■ Task objective ■
Copy out all of the lines below exactly; the pictures do not belong in the copy.

■ Information shown ■

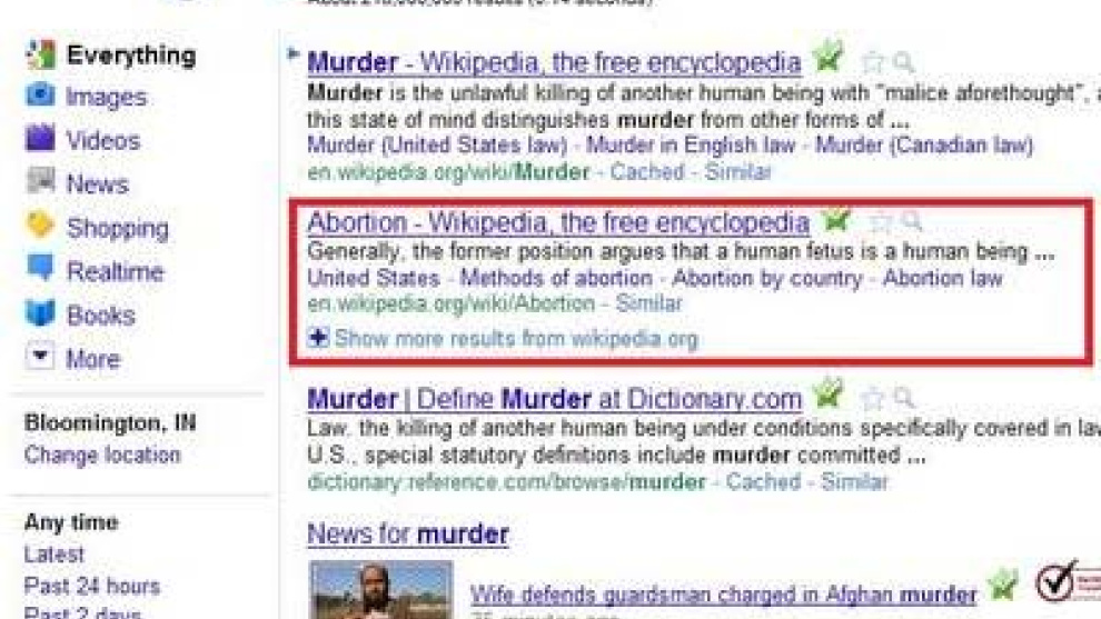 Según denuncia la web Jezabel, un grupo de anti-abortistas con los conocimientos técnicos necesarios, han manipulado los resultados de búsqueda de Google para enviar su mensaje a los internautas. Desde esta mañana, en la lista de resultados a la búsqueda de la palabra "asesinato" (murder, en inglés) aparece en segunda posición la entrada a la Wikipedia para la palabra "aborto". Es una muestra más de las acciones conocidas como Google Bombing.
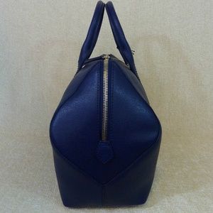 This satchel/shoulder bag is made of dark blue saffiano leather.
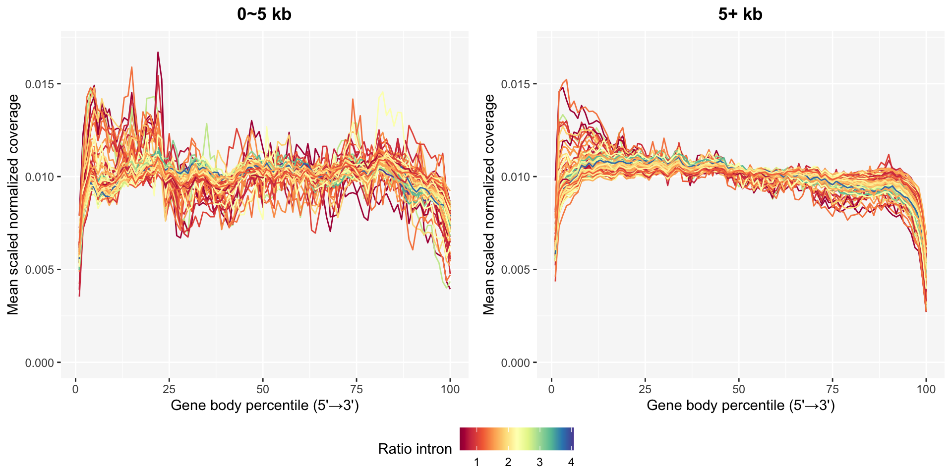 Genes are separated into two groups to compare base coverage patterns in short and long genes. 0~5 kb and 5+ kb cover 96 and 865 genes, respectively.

■ Result of the task ■
 Según denuncia la web Jezabel, un grupo de anti-abortistas con los conocimientos técnicos necesarios, han manipulado los resultados de búsqueda de Google para enviar su mensaje a los internautas. Desde esta mañana, en la lista de resultados a la búsqueda de la palabra "asesinato" (murder, en inglés) aparece en segunda posición la entrada a la Wikipedia para la palabra "aborto". Es una muestra más de las acciones conocidas como Google Bombing.
 This satchel/shoulder bag is made of dark blue saffiano leather.
 Genes are separated into two groups to compare base coverage patterns in short and long genes. 0~5 kb and 5+ kb cover 96 and 865 genes, respectively.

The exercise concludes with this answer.